Each notebook is safe to re-run — outputs are written with skip-guards so already-built files are not re-downloaded or re-tiled. Set FORCE_REBUILD = True in a cell right after %run ./config_nb to force a full rebuild of that notebook's outputs.


Data flow

San Francisco AOI (one bbox, reused across the series)

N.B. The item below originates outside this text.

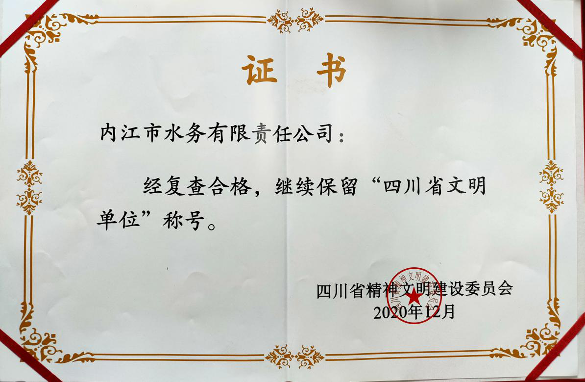 近年來,市水務公司黨委始終以*新時代中國特色社會主義思想為指導,推進精神文明建設工作不松勁,抓好生產經營工作促發展,推動公司精神文明和物質文明建設的雙豐收。根據四川省精神文明建設委員會《關于復查確認繼續保留稱號的四川省文明城市、文明村鎮、文明單位、文明家庭、文明校園的通報》(川文明委〔2020〕20號),內江市水務有限責任公司順利通過復查,繼續保留“四川省文明單位”榮譽稱號。
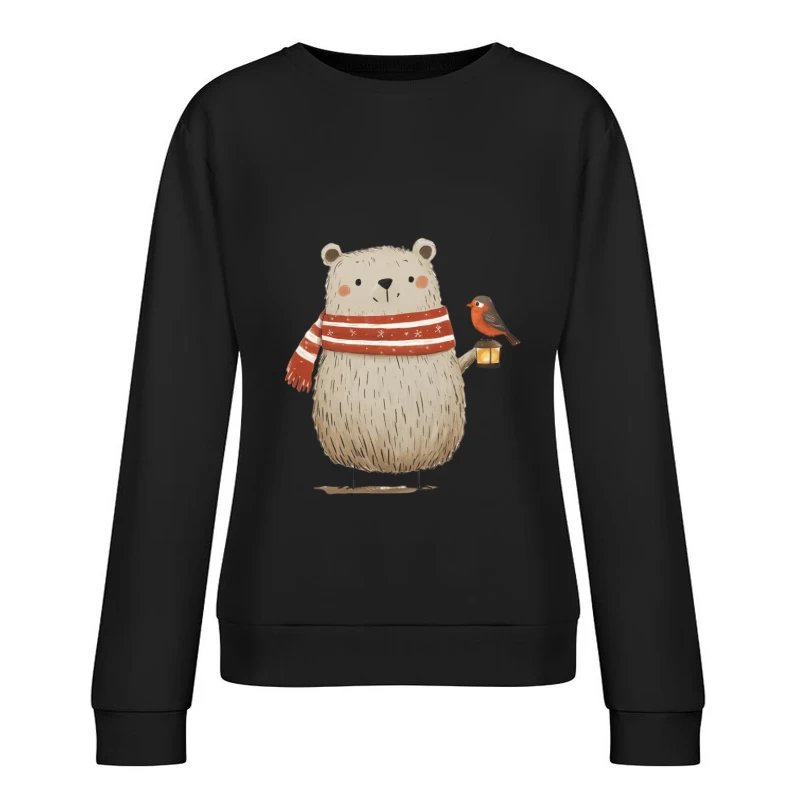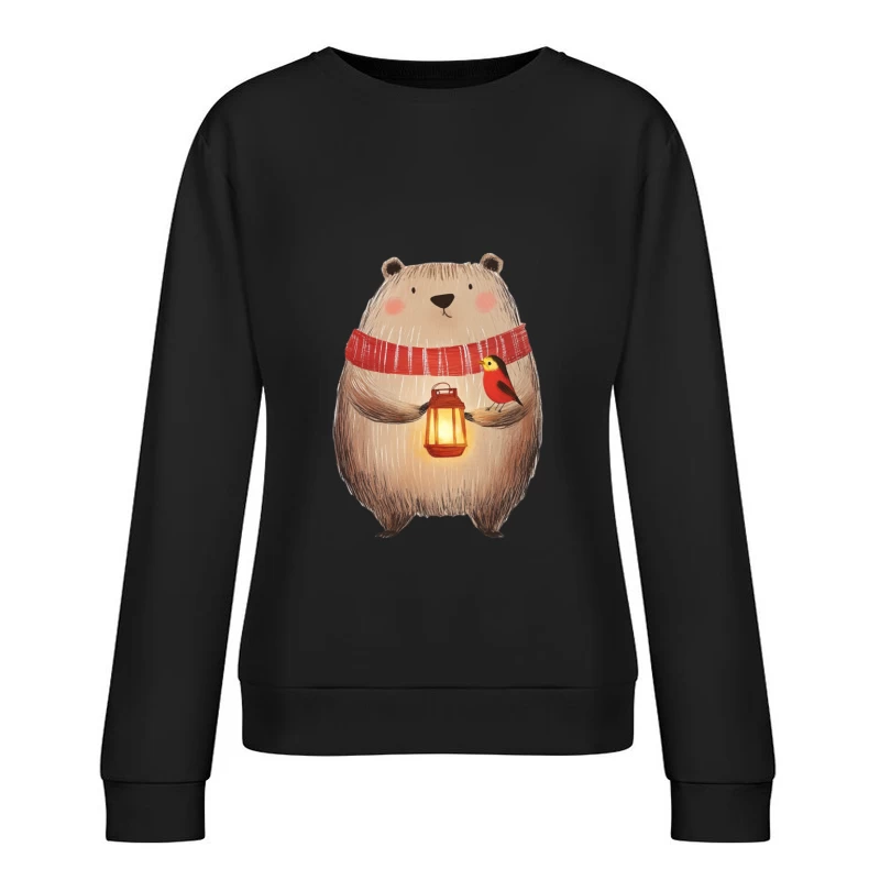 Cute Illustrated Bear with Winter Scarf and Bird Friend Holding Lantern Female Pullover Sweatshirt

┌─────┴───────────────┬─────────────────────────────┐
▼ ▼ ▼
Overture buildings NAIP aerial (helper) USGS 3DEP DEM (helper)
(OvertureClient) │ │
│ ▼ gbx_rst_to_webmercator ▼ gbx_rst_cog_convert
▼ gbx_st_asmvt │ │ → COGs + STAC Delta
+ st_asmvt_pyramid ▼ gbx_rst_xyzpyramid ▼ slope/aspect/hillshade
│ │ ▼ gbx_rst_xyzpyramid
▼ gbx_pmtiles_agg ▼ gbx_pmtiles_agg ▼ gbx_pmtiles_agg
sf_buildings.pmtiles sf_naip.pmtiles sf_hillshade.pmtiles
│ │ │
└─────────────────────┴──────────────┬──────────────┘

plot_pmtiles / plot_cog (inline)
→ solar site-selection view

Key GeoBrix / Databricks functions shown


Gotchas

  • PMTiles is driver-side only. gbx_pmtiles_agg produces the archive via a distributed reduce but the final file lands on the driver Volume path — it cannot be read back via spark.read. Use pmtiles_info / plot_pmtiles for inspection.
  • plot_pmtiles base64 size guard. The inline embed is bounded by the notebook cell-output cap (~10 MB default, 20 MB max), and displayHTML inflates the payload ~2–3× — so an archive over ~4–5 MB falls back to a static thumbnail. Scope the AOI/zoom range, use interactive_fit="downzoom", or stream from an https:// URL if the archive exceeds the ceiling.
  • Overture cloud-path vs. HTTP-href. OvertureClient first tries a direct cloud-storage path; if that is not reachable from the cluster network it falls back to an HTTP href. Classic clusters with S3 VPC endpoints reach the cloud path; Serverless always reaches the HTTP href.
  • NAIP and 3DEP network reachability. Both sources require outbound internet access via Planetary Computer and have no offline fallback — NB02 (NaipDownloader) and NB03 (DemDownloader) skip or error if the endpoint is unreachable.
  • Repartition by column on Serverless. A number-only repartition(N) is AQE-coalesced on Serverless. Always repartition by a data column (e.g., repartition(N, "tile_x")) before distributed UDF calls.
  • Wheel install is a 2-step pattern. config_nb installs the wheel with --no-deps first (to force fresh bytes), then reinstalls with geobrix[light,stac,vizx,overture] (to pull extras). A bare single-step --no-deps install drops the extras and causes ModuleNotFoundError at import.